The nominal average 1.362 kW/sq meter at solar max is at the top of the 
atmosphere, and is normal to the incidence.

The surface insolation at the equator when the sun is directly overhead 
  is about 1.04 kW/sq meter.

I think you'd get pretty close to that at solar noon in the Summer in 
Southern California, which is 32-34 degrees latitude, so at the 
solstice, the zenith angle is 10 degrees, and cos(10) is pretty close to 1.

You do pick up some additional insolation from diffuse and scattered 
radiation from clouds or haze, but I'm not sure that makes up for the 
attenuation due to the same haze.

Some time ago, I calculated that in Los Angeles (34 degrees latitude), a 
horizontal flat plate gets about 8-9 kWh/m2/day in summer and about 1-2 
kWh/m2/day in winter..   Tilting the collector would help a lot in the 
winter (Zenith angle is 56 degrees instead of 10), but there's no making 
up for the short days.


Getting back to the time-nuts aspects, there are some charts around that 
show the temperature variation as a function of depth, latitude, soil 
and season.  I know that for DSN, they went through all kinds of 
gyrations to calculate (and measure) this for the optical fiber timing 
links between the antennas and the masers.  For small dissipated power 
(I doubt your oscillator is going to be putting kilowatts into the soil) 
you don't have to go very deep (single digit meters) before the diurnal 
variation is down in the 0.1 degree or smaller.  Annual variations are 
bigger.

http://www.builditsolar.com/Projects/Cooling/EarthTemperatures.htm
has a bunch of charts for some unknown latitude (probably mid Atlantic 
states, since the data is from Virginia Tech).  They appear to use well 
water temperatures as the measurement technique.

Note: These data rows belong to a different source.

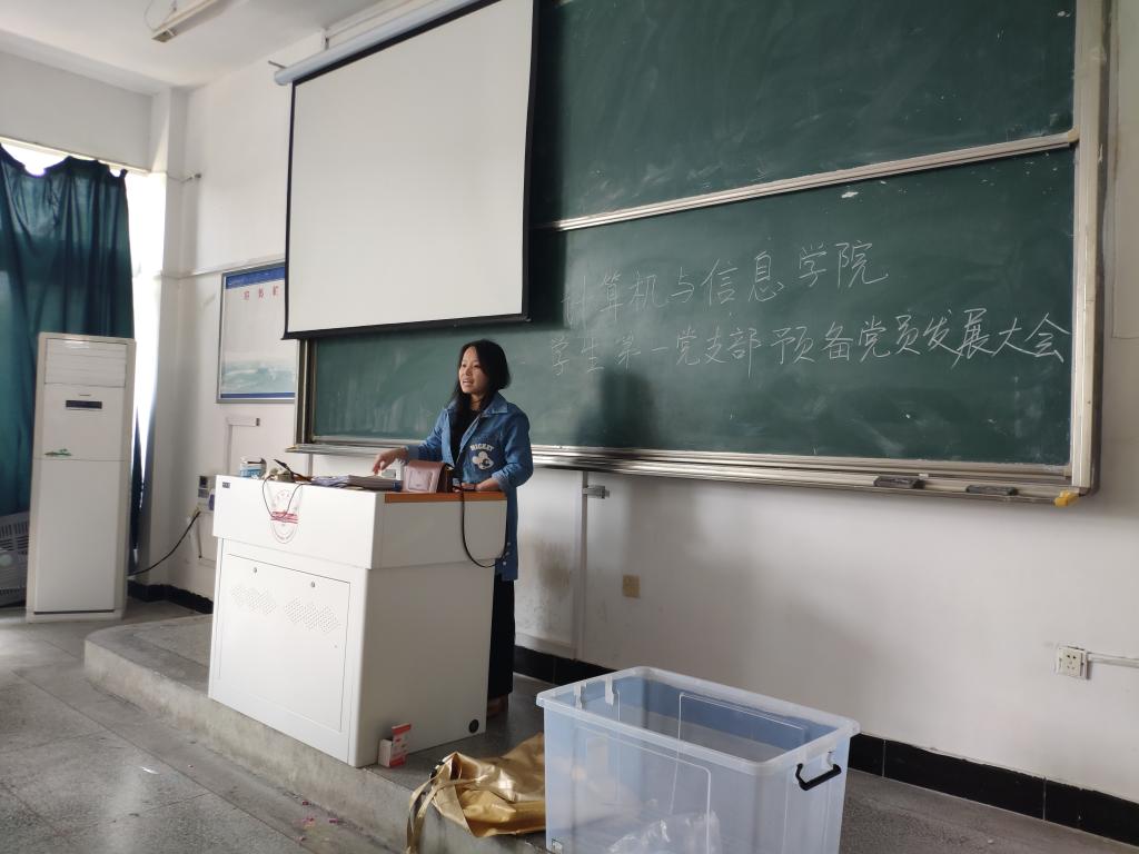 会议严格按照发展预备党员的程序,采取一人一议、无记名投票的方式进行,首先宣读《入党志愿书》并向党组织汇报自身对党的认识、入党动机、个人经历以及在校表现等,随后入党介绍人向大会介绍其主要政治思想、学习、工作生活等情况,支部书记林冠男同志向大会报告其现实表现的考察情况以及综合政治审查情况,与会党员对发展对象是否符合党员条件发表意见。最终,大会一致同意接收杜婷婷、黄明明、李路露等9名发展对象成为预备党员。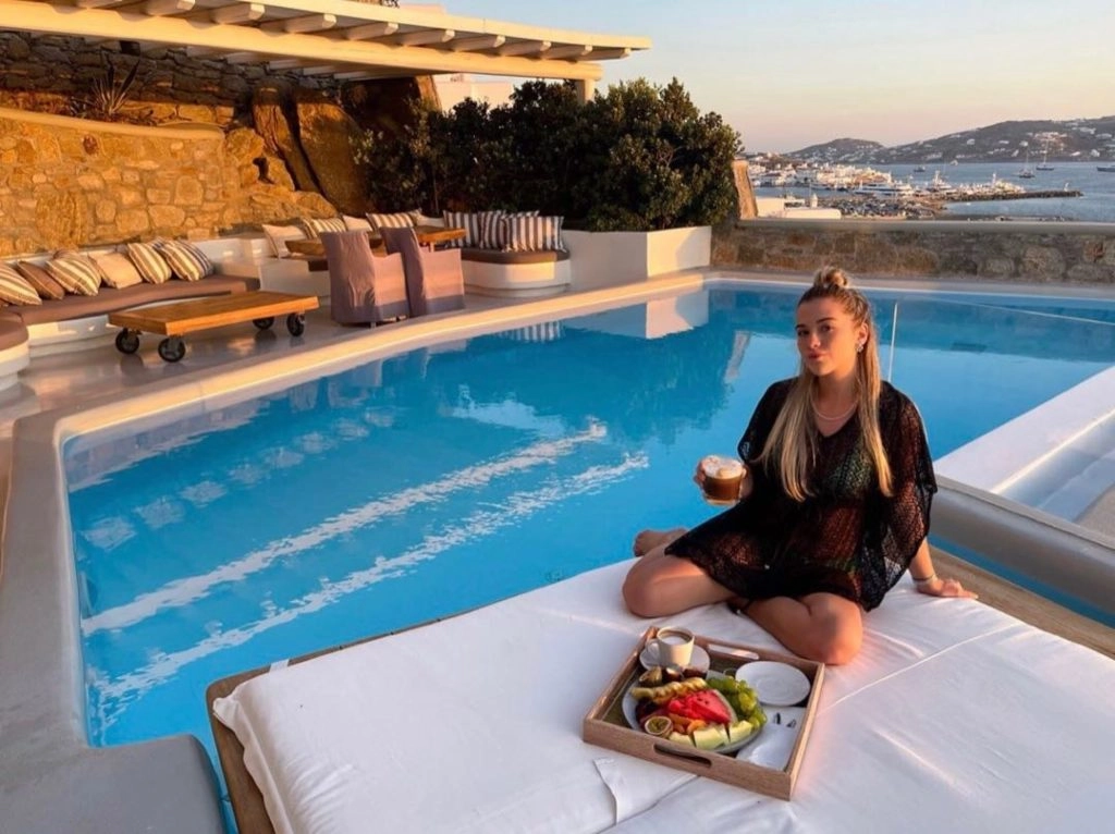 La pareja se hospeda en un resort de lujo situado junto al Mar Egeo que se llama Cavo Tagoo Mykonos, a 10 cuadras del centro de la isla y muy pocos metros de la playa. El hotel cuenta con un restaurante, spa, gimnasio, y servicios como el alquiler de yates, viajes en helicóptero, un chófer personal, eventos especiales, un fotógrafo personal y tours privados por la isla.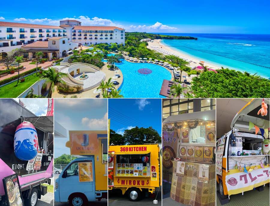 県内でも有数の透明度を誇るニライビーチが一望できる遊歩道は、景色を楽しむのにはもってこい。異国の雰囲気漂うホテルの敷地内で、海を見ながら食べるキッチンカーグルメは、きっと一味違うはず。
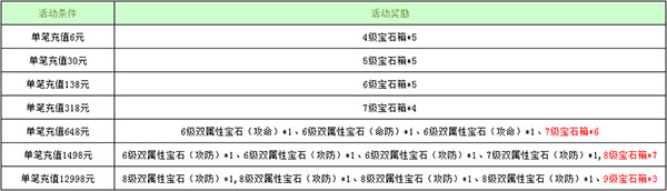 宝石疯狂送!充值指定金额,就可享受宝石好礼啦~

A bit more googling found a paper by one G. Florides that refers to the 
Kasuda formula.. (the link is hard to cut and paste.. I'm sure if you 
google "Florides soil temperature" you'll find it)

and gives this reference
Kasuda, T., and Archenbach, P.R. "Earth Temperature and Thermal 
Diffusivity at Selected Stations in the United States", ASHRAE 
Transactions, Vol. 71, Part 1, 1965.






>> Horizontal ground heat means that you are harvesting sunshine
>> accumulated in the top one meter of the soil.  Much of the energy
>> is harvested from freezing the water around the pipe thus pulling
>> out the relatively high melting energy of water.